Description
Fences | Themes
Death
In Fences, death is a character. Rather than the elusive unknown, death
becomes an object that Troy attempts to battle. The unfinished fence that Troy
is building around his home is completed only when Troy feels threatened by
death. In one of the stories he tells, Troy relates how he once wrestled with
death and won. When the simmering conflict between Troy and Cory finally erupts
and the boy leaves his father's house for good, it is death that Troy calls
upon to do battle. And in the last scene, it is death that unites the family
and helps bring resolution to their lives. When the family meets again at
Troy's funeral, they are finally given a chance to bury the pain and
disappointments of their lives.
Duty and Responsibility
Troy Maxson is a man who assumes the responsibilities of father, husband, and
provider.

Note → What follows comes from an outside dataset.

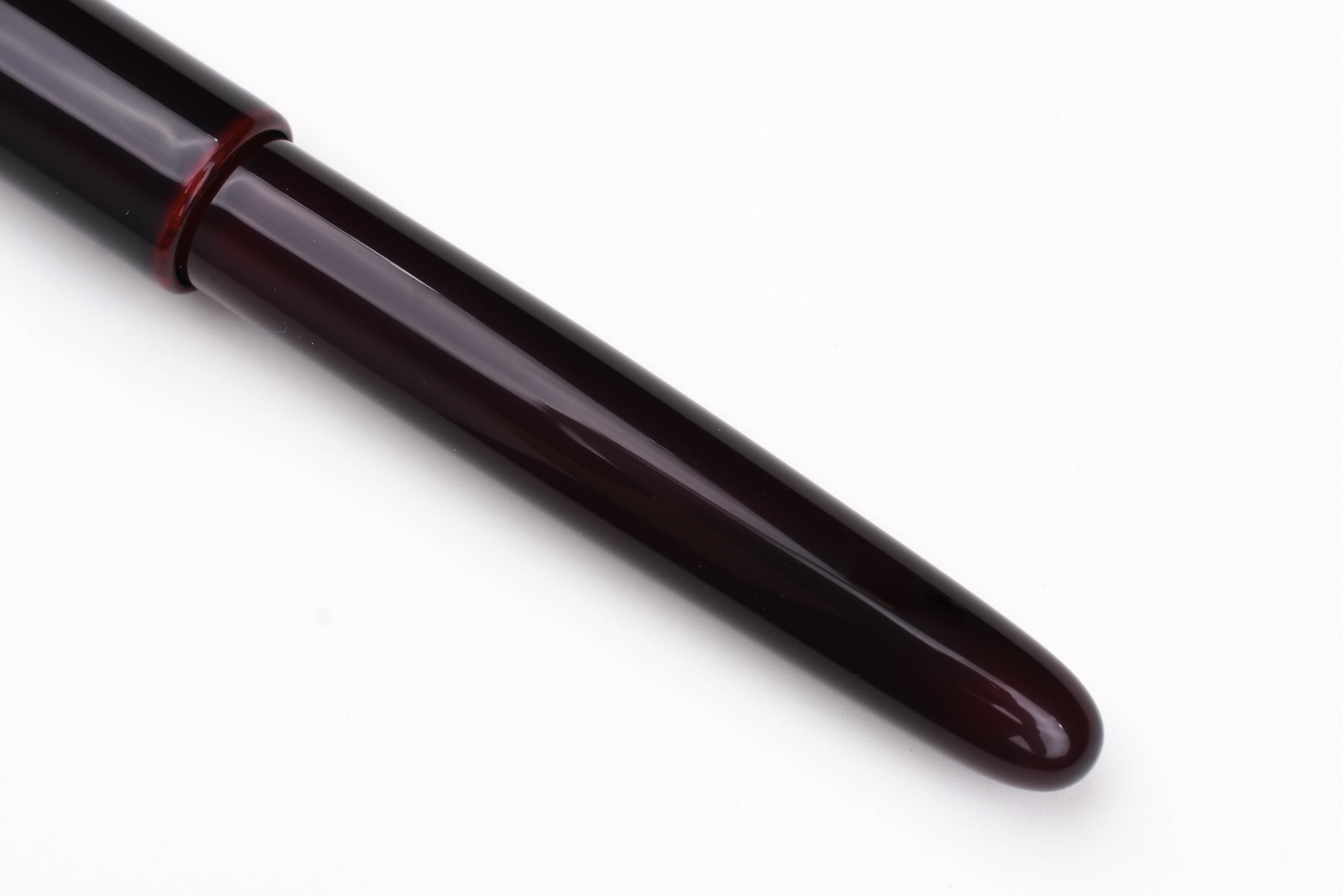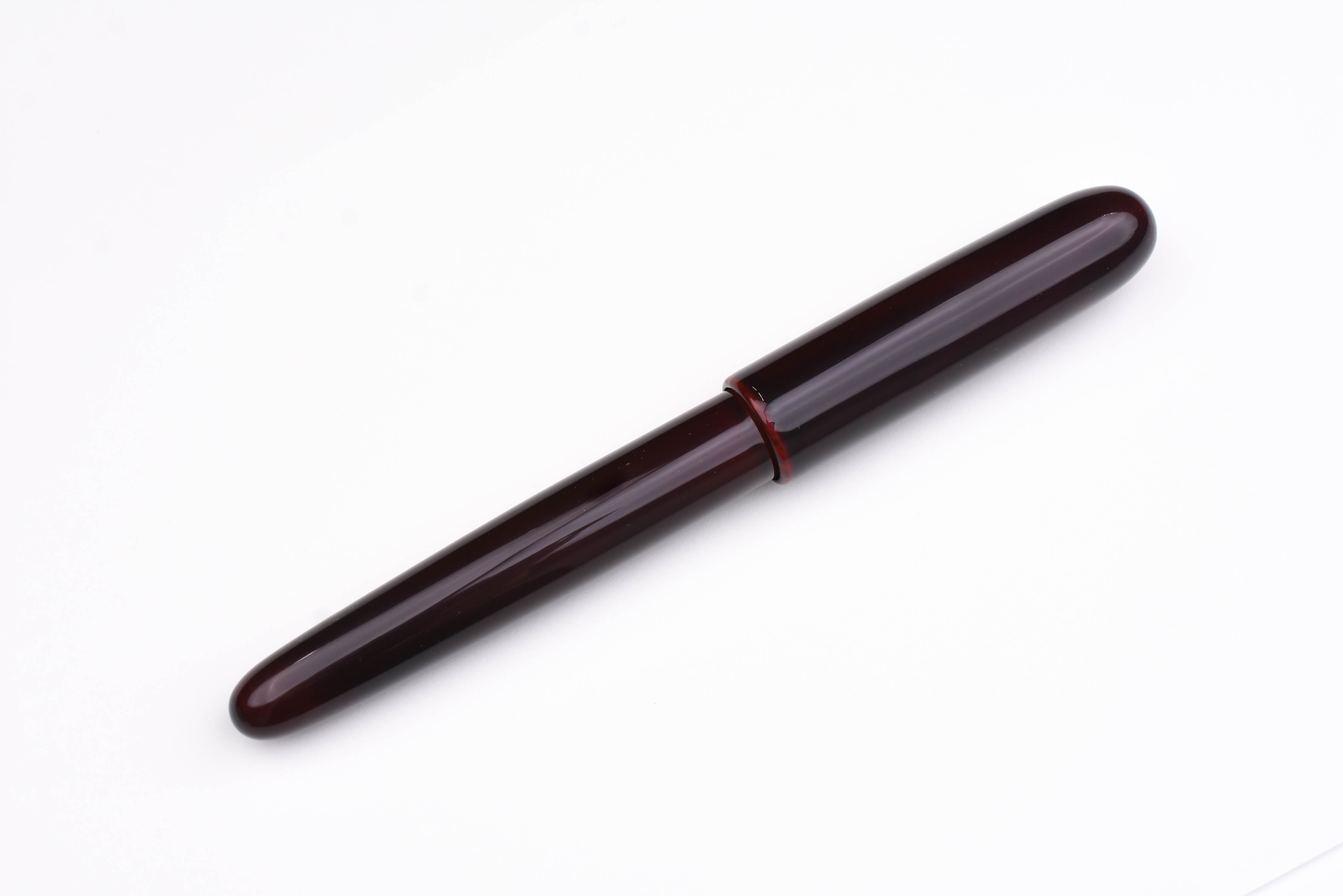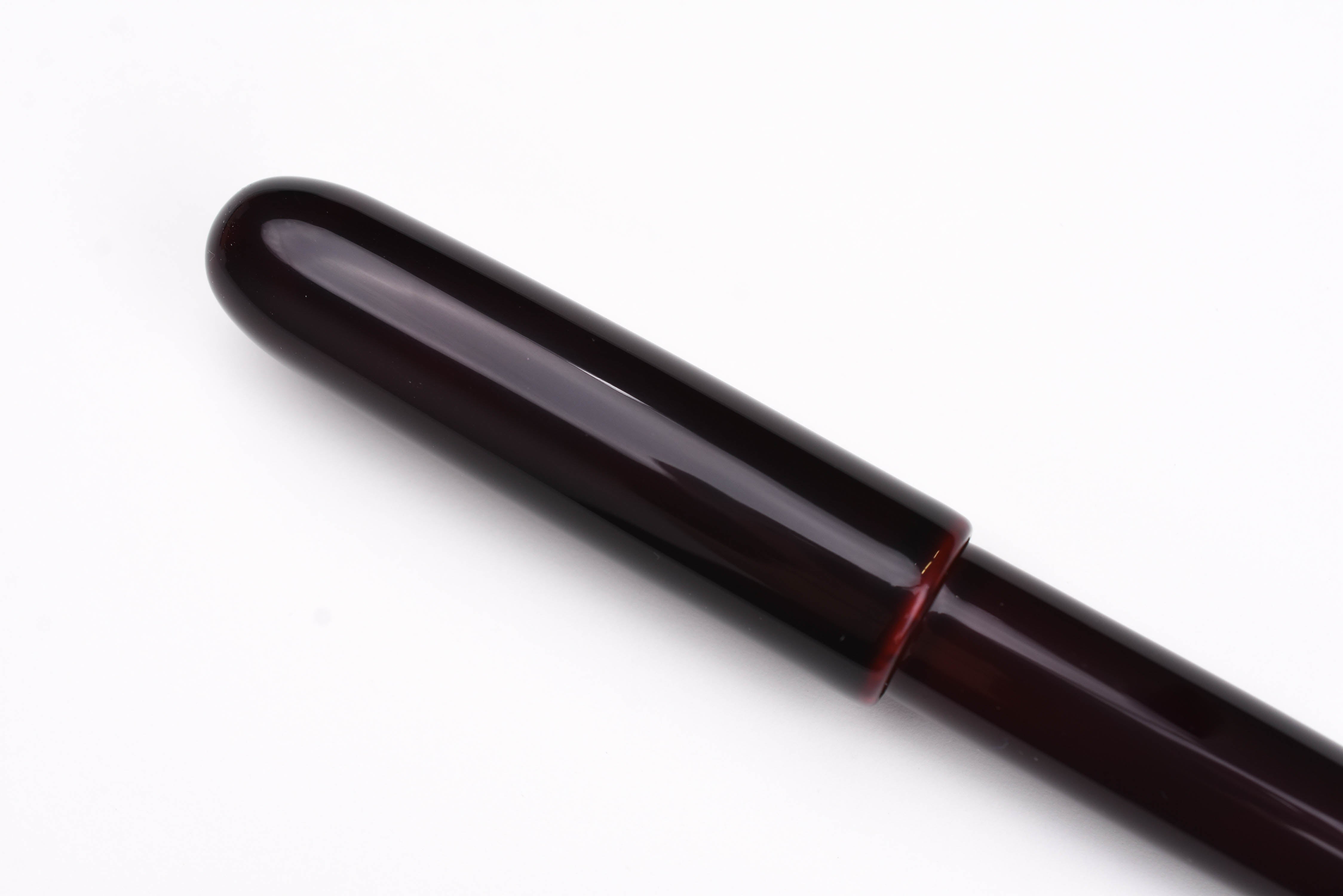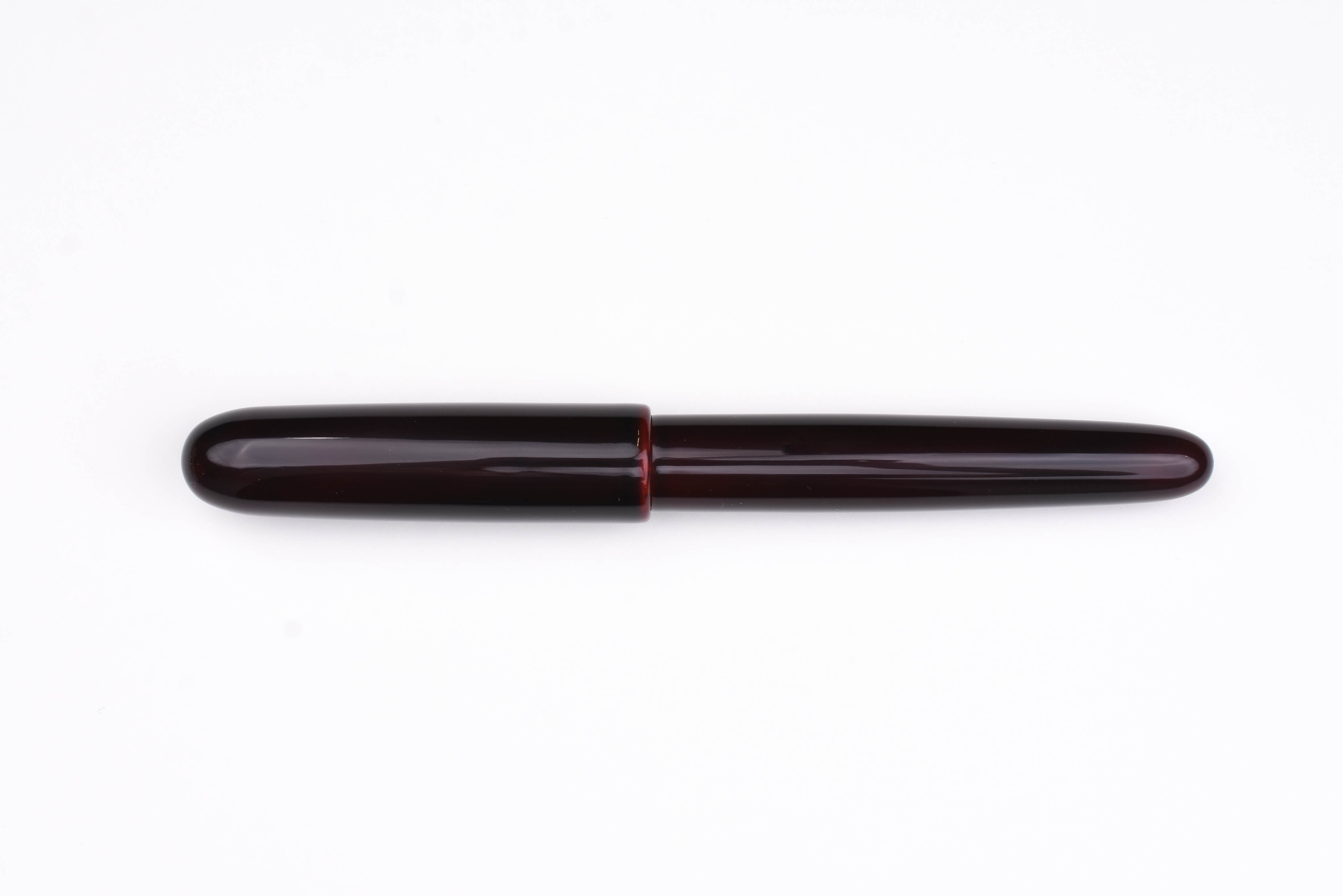 This pen, made by lacquer artist Masanora Sumi, uses the Tame-nuri urushi lacquer technique. Tame-nuri involves layering clear lacquer over a colored urushi lacquer base, creating depth and adding gloss; the result is a complex, subdued, deep red.

In addition, he looks after his disabled brother, Gabriel. Though he
faces these responsibilities, he is also overwhelmed by them, seeking escape
when it is offered to him. When it is revealed that Alberta, the other woman
that Troy has been seeing, is pregnant, Troy responds that he is not ducking
the responsibility of what he has done. He accepts the obligation he owes to
both his wife and his mistress.
When Rose asks why Troy needed another woman, his reply is that Alberta was an escape from his responsibilities. She did not have a roof that needed fixing; her house was a place where he could forget that he was someone's husband, someone's father, someone's employee. Troy feels the weight of responsibility so heavily that he can see only endless weeks of labor, endless paychecks to be cashed, endless Fridays blending into one another. When Alberta dies giving birth, Troy assumes responsibility for the infant and brings her to his home. In turn, Rose agrees to raise and care for the child. In the end it is the responsibility each member of the family feels toward the others that brings resolution to the story.
Fences
Fences represent many different things in Wilson's drama. Rose thinks the
partially built fence around the house will keep her loved ones safe inside.
But for Troy, the fence is a way to keep unwanted intruders out. After
Alberta's death, he completes the fence as a means to keep death from entering
and hurting his loved ones. When Troy played baseball, he was never content to
hit the ball into the stands. His hits always had to go over the fence. And
yet, Troy builds a fence around Cory to keep him from his goals and desires.
Troy's efforts at controlling his son create an imaginary fence that keeps the
boy separate from his family for seven years. There are similar fences between
Troy and his loved ones; in one way or another he has kept them separated from
a part of himself.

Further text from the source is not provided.